Roman écrit par Goupil.

Nous sommes le 20 janvier 2010. Demain j’aurai cinquante ans. Quand j’étais petit, l’an deux mil me semblait à une éternité. Je calculais que j’y aurais quarante ans, et cela me paraissait bien vieux. Jamais par contre je n’aurais pensé à l’an deux mil dix et à ce demi-siècle qui me séparera demain de mon premier souffle. Tristan, un de mes neveux de douze ans, qui perd son temps à calculer n’importe quoi, prétend que demain j’aurai respiré plus de cinq cent millions de fois, au fil du milliard et demi de secondes que j’aurai vécues.

A quoi je lui ai répondu que je m’en fichais :

« Ca paraît beaucoup, lui ai-je dit, mais tout ce qui m’intéresse c’est de savoir combien de fois mon cœur a battu pour une femme ! Et ça, aucune formule ne pourra te le dire, aucun programme ne te le calculera… »

A son regard amusé, j’ai de suite compris qu’il prenait tout cela pour une simple plaisanterie. Alors j’ai adopté mon air le plus sérieux et j’ai ajouté :

« Ce n’est marqué sur aucun écran, sur aucune machine à calculer, c’est juste inscrit quelque part au fond de moi, et ces traces-là sont mon bien le plus précieux. »

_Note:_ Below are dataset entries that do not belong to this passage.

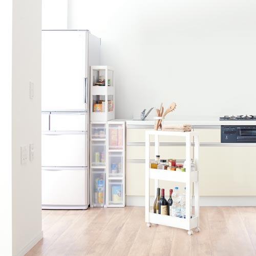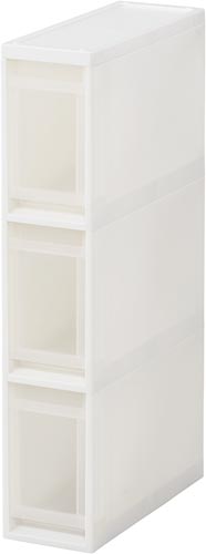 幅17cmのスリムタイプ。スタイリッシュなホワイトカラーで、キッチンや洗面所などあらゆるシーンでのストック収納におすすめです。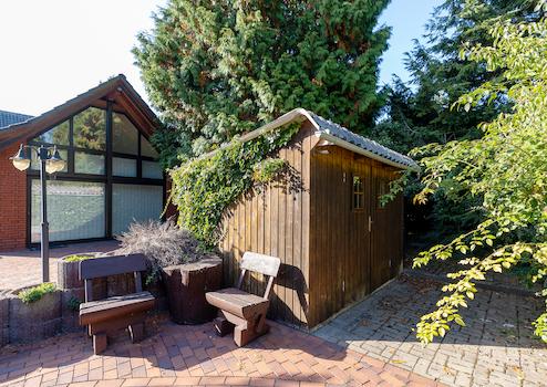 Der Garten ist ein Ort zum Verweilen. Die große, uneinsehbare Grünfläche eröffnet zahlreiche Gestaltungsoptionen – von blühenden Beeten über Gemüseanbau bis hin zu Spiel- und Rückzugsflächen für die ganze Familie. Ein Gartenhaus nebst Schuppen und Geräteraum fügen sich harmonisch in das Grundstück ein und bieten praktischen Stauraum für Fahrräder, Geräte und alles, was man im Alltag gerne griffbereit hat.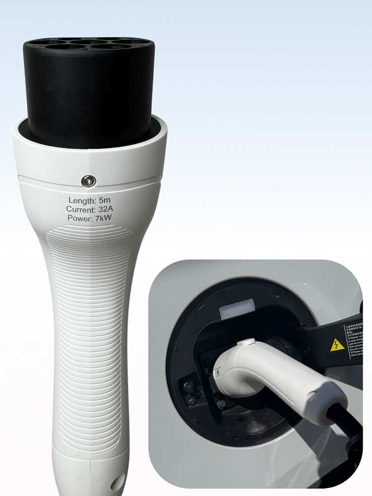 Длина кабеля составляет 7 метров, что удобно для подключения к станциям, расположенным на удалении от автомобиля. Он поддерживает мощность до 7 кВт (1 фаза, 32 А), обеспечивая оптимальную скорость зарядки. Разъем GBT оснащен замком, который предотвращает случайное отключение во время зарядки, а разъем Type 2 гарантирует стабильное соединение и удобство эксплуатации. Кабель можно использовать как дома, так и на общественных станциях Type 2 для зарядки электромобилей GBT.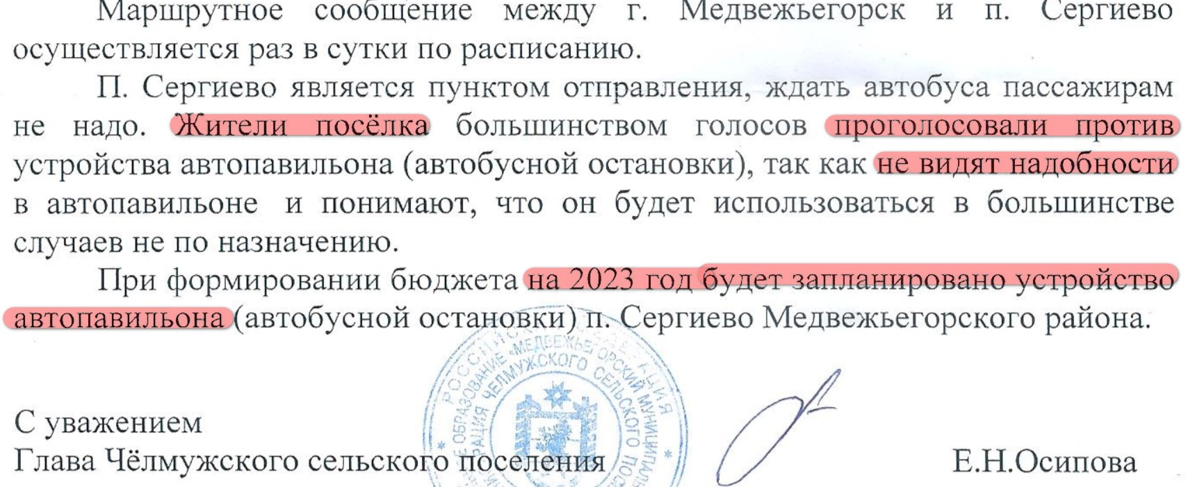 — Весной 2023 года республиканской прокуратурой была проведена проверка, по результатам которой заместитель прокурора Медвежьегорского района Иовлев подтвердил факт отсутствия остановочного комплекса в поселке Сергиево и вынес представление об устранении нарушения. Казалось бы, что ещё нужно — установи людям автобусную остановку и забудь о проблеме. Но нет, — пишут жители Сергиево.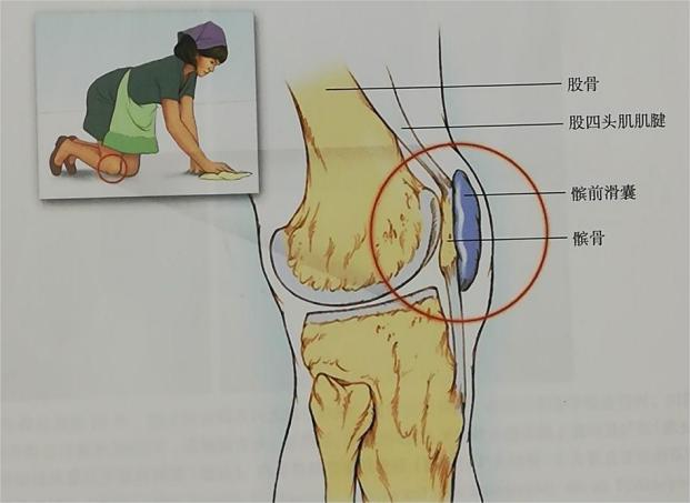 2. 长期摩擦。反复的跪地动作、长时间的跪姿工作导致的慢性劳损。

D’égayés, les yeux du gamin sont devenus interrogatifs, puis songeurs.

« Ce qui compte, Tristan, lui ai-je encore dit, ce n’est pas combien de fois j’ai bien pu inspirer, c’est de sentir ce qui aujourd’hui me fait respirer : l’amour et l’écriture sont mes seules inspirations, il n’y en a pas d’autres sur lesquelles je puisse compter… »

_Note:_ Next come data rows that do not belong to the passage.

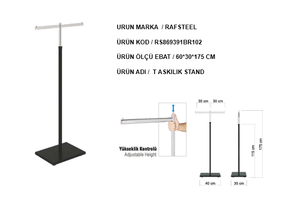 Düz Profil T Askılık Stand – RAFSTEEL RS869391RSA102, mağaza, butik ve showroomlarda ürünleri düzenli ve estetik şekilde sergilemek için tasarlanmış sağlam bir askılık sistemidir. Düz profil tasarımı ile sade ve modern bir görünüm sunar.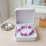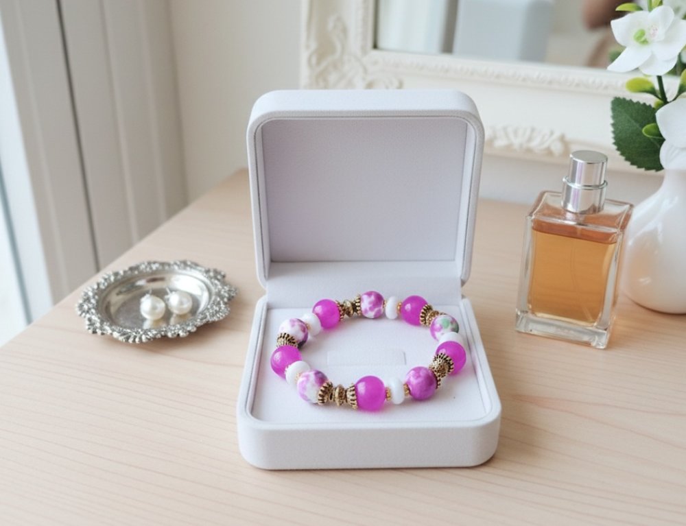Bracelet sur fil élastique avec perles jade fuchsia et blanc, perles en verre imitation jade de 10 mm et apprêts de couleur doré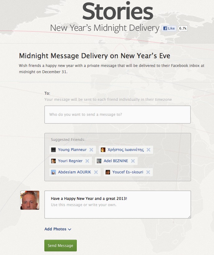 C'est ce que nous propose Facebook via Midnight Delevery. Vous allez pouvoir préparer par avance les cartes de voeux pour vos amis Facebook et ces derniers recevront leur carte individuellement le 31 décembre à minuit.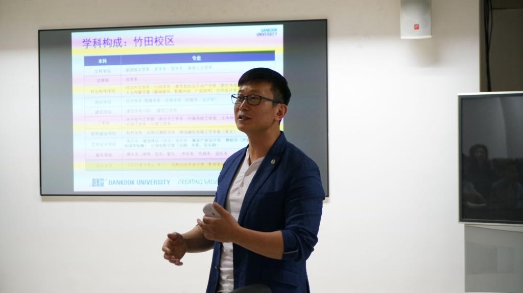 座谈会上,刘娜首先对曹成铉一行的到来表示热烈欢迎。曹成铉表示,十分欢迎我院学子到檀国大学交流学习,檀国大学将在生活、学习及奖学金等方面给予留学生全面帮助,希望双方在当天交流的基础上能进一步深入合作。他还从历史、规模、专业种类、师资、人才等方面介绍了檀国大学的基本情况,并就硕博连读等问题与我院师生进行了深入交流。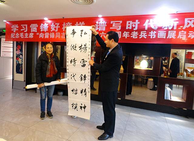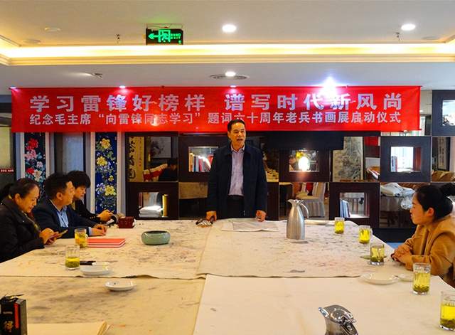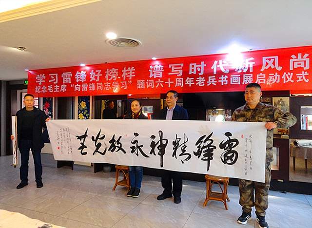 本网讯 今年是毛泽东等老一辈无产阶级革命家为雷锋同志题词60周年,在第60个学雷锋纪念日到来之际,由四川国防诗书画院、内江芭蕉展览馆、成都市青羊区人民政府草市街街道办事处、麻乡约楚菜馆、成都市军嫂创业中心、中国民生经济网等单位联合举办的“学习雷锋好榜样 谱写时代新风尚——纪念毛主席‘向雷锋同志学习’题词六十周年老兵书画展”启动仪式,于2023年3月3日在四川省成都市青羊区德盛路33号星逸酒店2楼麻乡约楚菜馆隆重举行。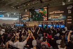 By the end of 2011, Dota 2 was already one of the highest-paying esport games, second only to StarCraft II.[83] At E3 2013, South Korean company Nexon announced the investment of ₩2 billion (approximately US$1.7 million) into local leagues in the country, which coincided with their distribution partnership with Valve for the game.[84] In February 2015, Valve sponsored Dota 2 Asia Championships was held in Shanghai with a prize pool of over $3 million, raised through compendium sales.[85][86] Since then, other Dota 2 Asia Championships have taken place, with it being sometimes being referred to as the "Chinese International".[87][88] In total, professional Dota 2 tournaments had earned teams and players over $100 million by June 2017, with over half of that being awarded at the International tournaments, making it the highest earning esport game by a margin of nearly $60 million.[89]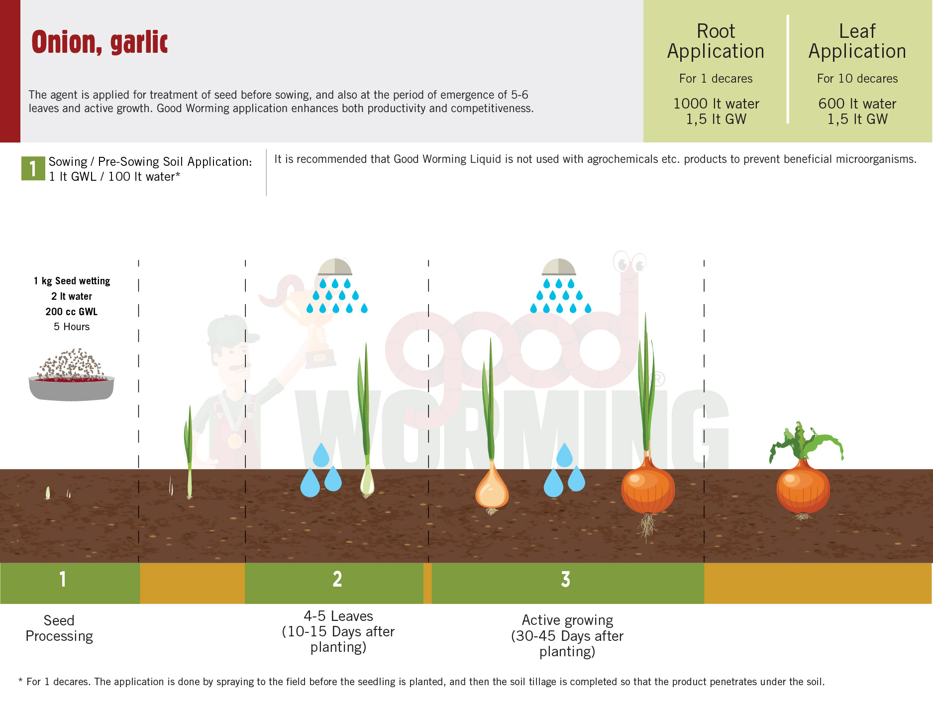 The agent is applied for treatment of seed before sowing, and also at the period of emergence of 5-6 leaves and active growth. Good Worming application enhances both productivity and competitiveness.

On ne parle pas assez d’amour aux petits garçons. Et puis on s’étonne que certains d’entre eux se mettent à tout vouloir calculer, comme de petits banquiers, pour se rassurer… A mes douze ans aucun adulte n’avait encore osé me parler d’amour. A mes quarante ans je n’en avais qu’une vue étriquée, une vision de petit banquier, de petit épargnant. Econome en sentiments, je me reposais sur un maigre capital émotionnel acquis en bon père de famille… Je m’interdisais tout investissement affectif à risque, toute dépense inconsidérée, je misais tout sur mes avoirs, que j’enfermais à double tour dans un coffre-fort de valeurs sûres. Voilà peut-être pourquoi le cap de mes cinquante roses me semble moins tragique que celui de l’an deux mil : sans doute ai-je entre-temps quelque peu revu mon profil d’investisseur, en choisissant de prendre plus de risques, en acceptant que la vie puisse être plus généreuse que prévu, et en faisant de ces traces d’amour mon bien le plus précieux…

Nous sommes le 20 janvier 2010. La butte de Montmartre se dresse devant moi. On dit que c’est le quartier des amoureux. Moi je suis amoureux du quartier. Demain j’aurai cinquante ans, et j’ai choisi de les fêter par un pèlerinage à Paris…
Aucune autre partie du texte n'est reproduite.